Expectation Modulates Human Brain Responses to Acute Cocaine: A Functional Magnetic Resonance Imaging Study
ABSTRACT Human expectation of psychoactive drugs significantly alters drug effects and behavioral responses. However, their neurophysiological mechanisms are not clear. This study investigates how cocaine expectation modulates human brain responses to acute cocaine administration.
Twenty-six right-handed non-treatment-seeking regular cocaine abusers participated in this study. Changes in blood oxygenation level-dependent (BOLD) signals were measured, and online behavioral ratings during cocaine expectation and acute cocaine administration were recorded.
Distinct regional characteristics in BOLD responses to expected and unexpected cocaine infusions were observed in the medial orbitofrontal gyrus (Brodmann area [BA] 11), frontal pole (BA 10), and anterior cingulate gyrus regions.

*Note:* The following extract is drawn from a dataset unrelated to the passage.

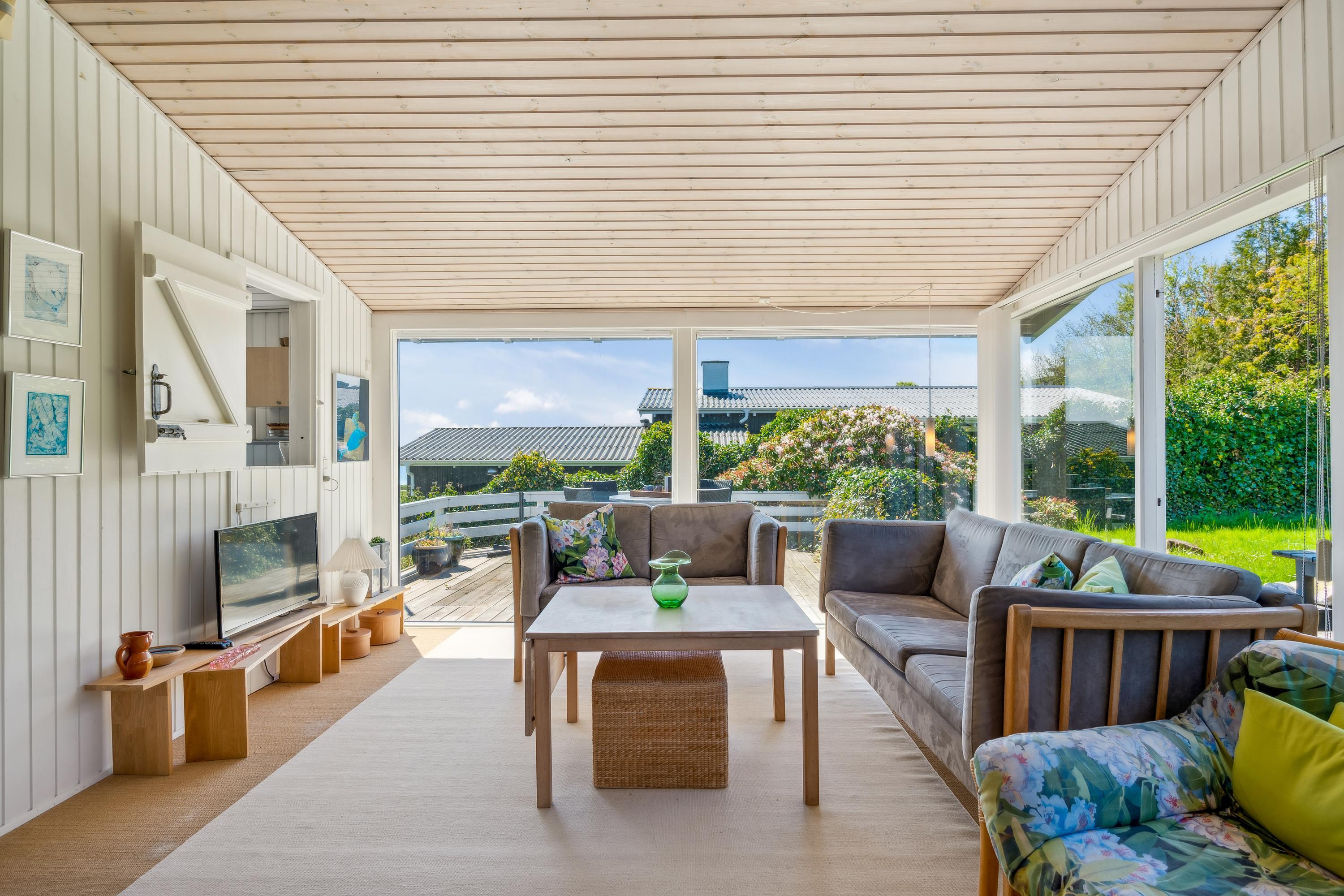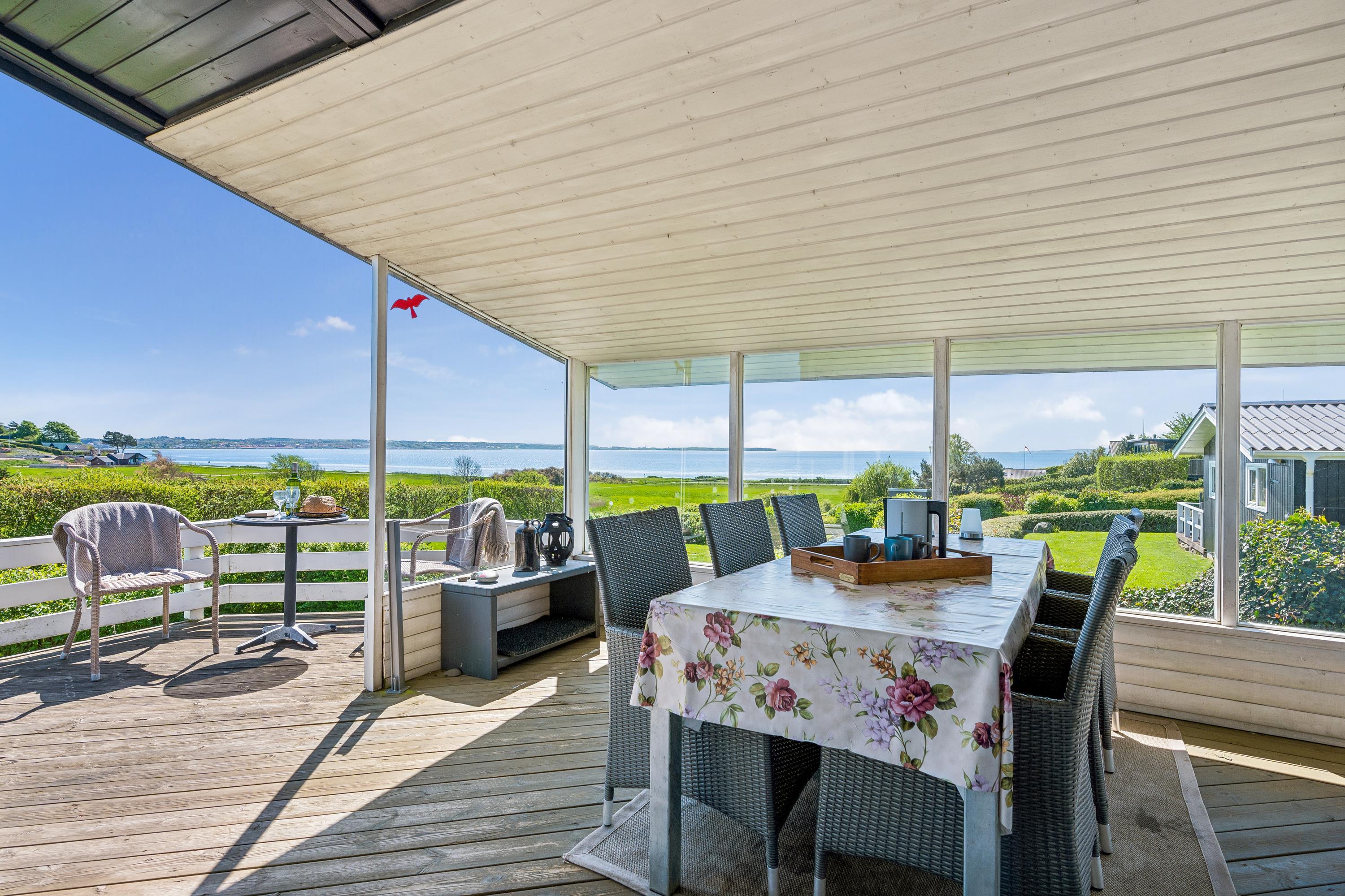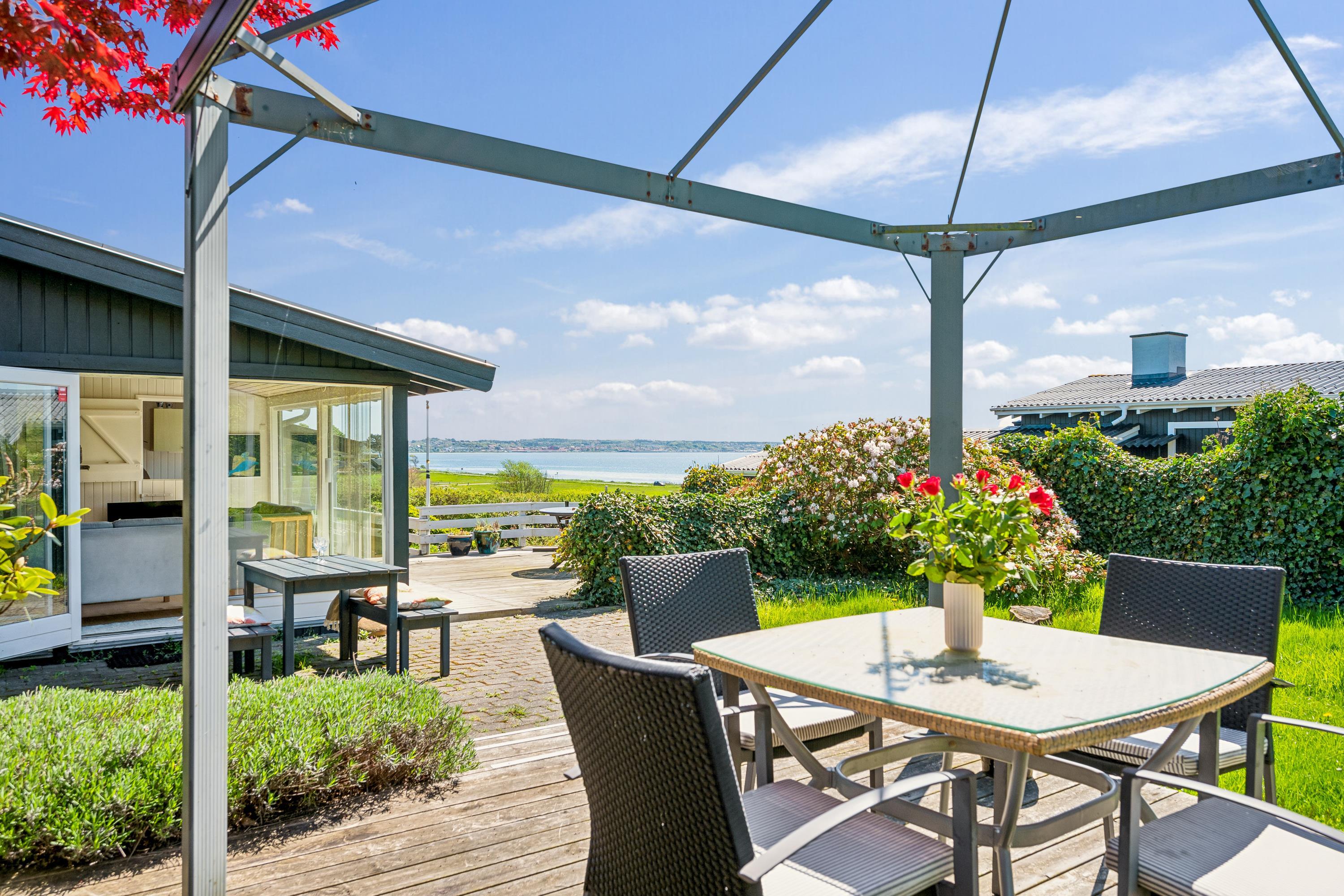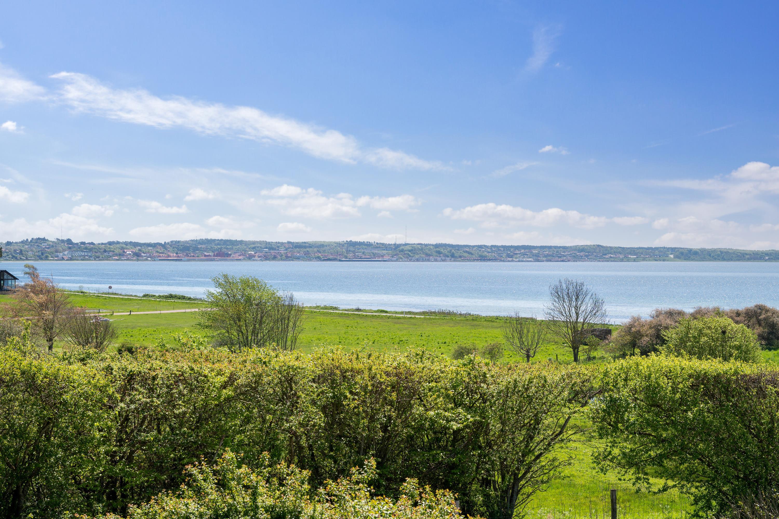 Nyd et højtbeliggende feriehus med fantastisk udsigt over vandet ved Handrup Strand og tæt på Mols Bjerge.

Active engagement in the amygdala and the lateral orbitofrontal cortex (OFC; BA 47) by unexpected but not expected cocaine infusion was discovered. Cocaine expectation did not change BOLD responses to acute cocaine administration in a set of subcortical substrates, the nucleus accumbens, ventral putamen, ventral tegmental area, and thalamus.
These results suggest that cocaine expectation modulates neural-sensitivity adaptation between the expected events and the actual outcomes but did not modulate the pharmacological characteristics of cocaine. In addition, the amygdala-lateral OFC circuitry plays an important role in mediating stimulus-outcome relations and contextual factors of drug abuse.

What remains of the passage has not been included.